_RECORD EXTRACTS_
Segment Open

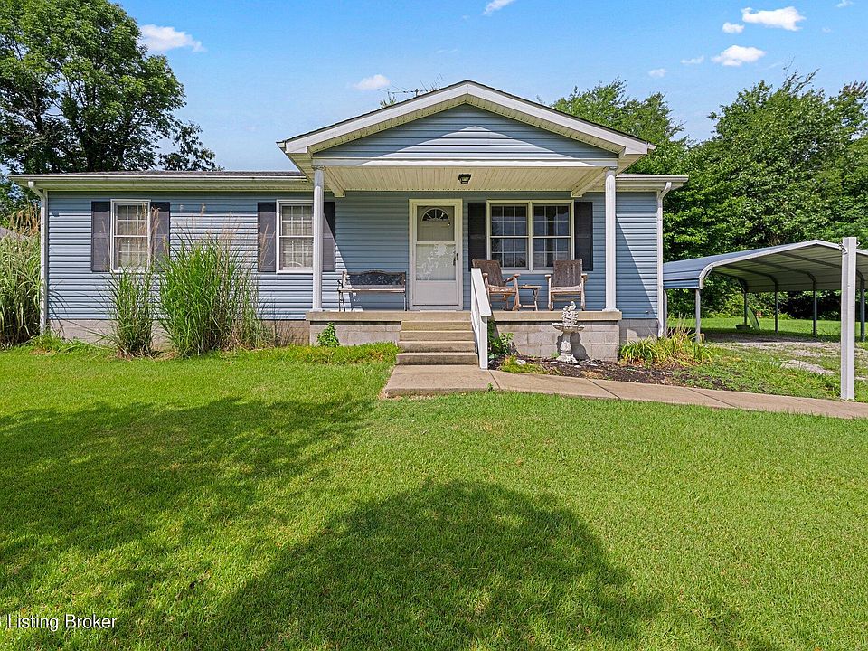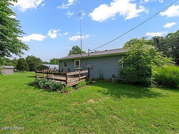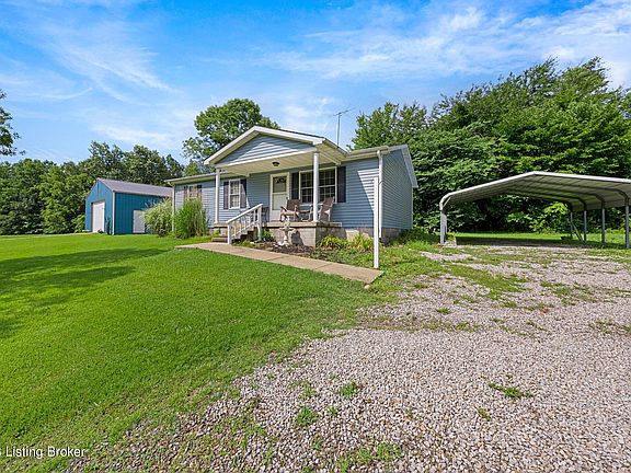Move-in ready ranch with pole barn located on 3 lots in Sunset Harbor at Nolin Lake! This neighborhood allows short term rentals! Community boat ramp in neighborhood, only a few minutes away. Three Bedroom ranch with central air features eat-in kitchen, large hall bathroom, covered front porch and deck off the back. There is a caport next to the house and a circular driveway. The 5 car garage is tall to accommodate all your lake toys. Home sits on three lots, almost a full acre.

Segment Closed
Segment Open

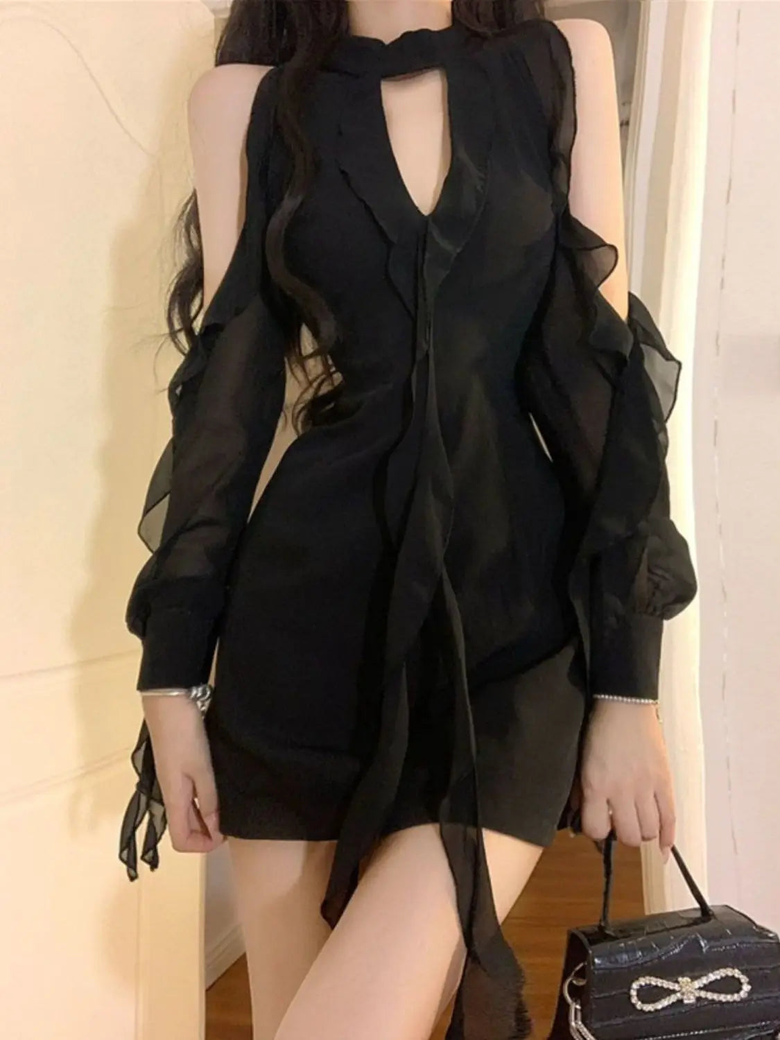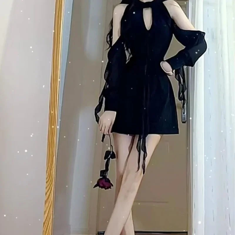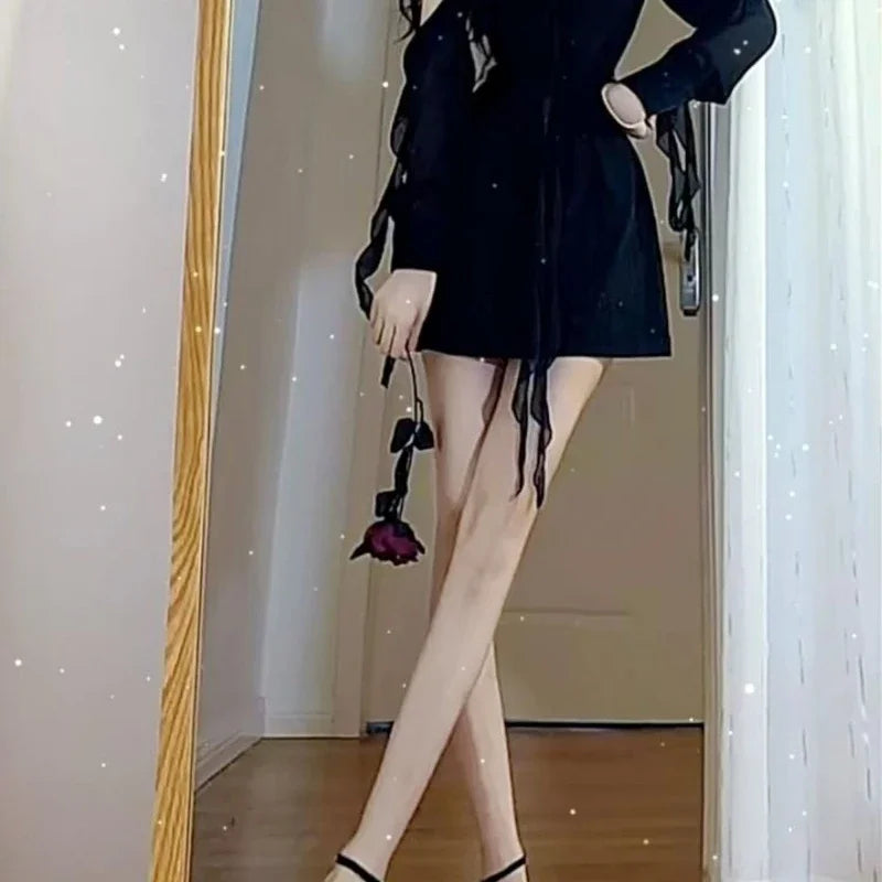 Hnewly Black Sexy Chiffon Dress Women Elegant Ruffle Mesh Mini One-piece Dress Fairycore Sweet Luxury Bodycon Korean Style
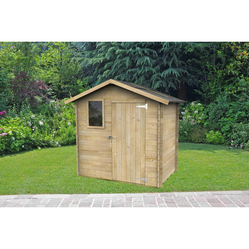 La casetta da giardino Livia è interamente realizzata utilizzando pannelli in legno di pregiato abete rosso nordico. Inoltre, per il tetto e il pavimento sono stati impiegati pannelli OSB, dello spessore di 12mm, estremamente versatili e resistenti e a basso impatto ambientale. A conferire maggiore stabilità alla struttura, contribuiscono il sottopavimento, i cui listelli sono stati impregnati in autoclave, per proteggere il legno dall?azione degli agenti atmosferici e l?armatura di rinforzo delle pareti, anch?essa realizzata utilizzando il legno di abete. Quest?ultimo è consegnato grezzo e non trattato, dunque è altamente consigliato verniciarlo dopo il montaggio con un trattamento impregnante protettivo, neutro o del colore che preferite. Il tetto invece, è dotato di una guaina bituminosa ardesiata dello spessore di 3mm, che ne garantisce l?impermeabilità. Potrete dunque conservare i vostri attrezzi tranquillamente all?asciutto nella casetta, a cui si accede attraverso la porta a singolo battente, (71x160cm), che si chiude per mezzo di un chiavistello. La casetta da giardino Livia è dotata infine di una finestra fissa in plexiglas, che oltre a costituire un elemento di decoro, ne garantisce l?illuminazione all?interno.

Segment Closed

Above are entries with pictures among them. Write out exactly the lines from the one containing "Hnewly Black Sexy" through the one containing "La casetta da giardino Livia è interamente", ends included, and leave those pictures out.

_ANSWER BOX_
 Hnewly Black Sexy Chiffon Dress Women Elegant Ruffle Mesh Mini One-piece Dress Fairycore Sweet Luxury Bodycon Korean Style
 La casetta da giardino Livia è interamente realizzata utilizzando pannelli in legno di pregiato abete rosso nordico. Inoltre, per il tetto e il pavimento sono stati impiegati pannelli OSB, dello spessore di 12mm, estremamente versatili e resistenti e a basso impatto ambientale. A conferire maggiore stabilità alla struttura, contribuiscono il sottopavimento, i cui listelli sono stati impregnati in autoclave, per proteggere il legno dall?azione degli agenti atmosferici e l?armatura di rinforzo delle pareti, anch?essa realizzata utilizzando il legno di abete. Quest?ultimo è consegnato grezzo e non trattato, dunque è altamente consigliato verniciarlo dopo il montaggio con un trattamento impregnante protettivo, neutro o del colore che preferite. Il tetto invece, è dotato di una guaina bituminosa ardesiata dello spessore di 3mm, che ne garantisce l?impermeabilità. Potrete dunque conservare i vostri attrezzi tranquillamente all?asciutto nella casetta, a cui si accede attraverso la porta a singolo battente, (71x160cm), che si chiude per mezzo di un chiavistello. La casetta da giardino Livia è dotata infine di una finestra fissa in plexiglas, che oltre a costituire un elemento di decoro, ne garantisce l?illuminazione all?interno.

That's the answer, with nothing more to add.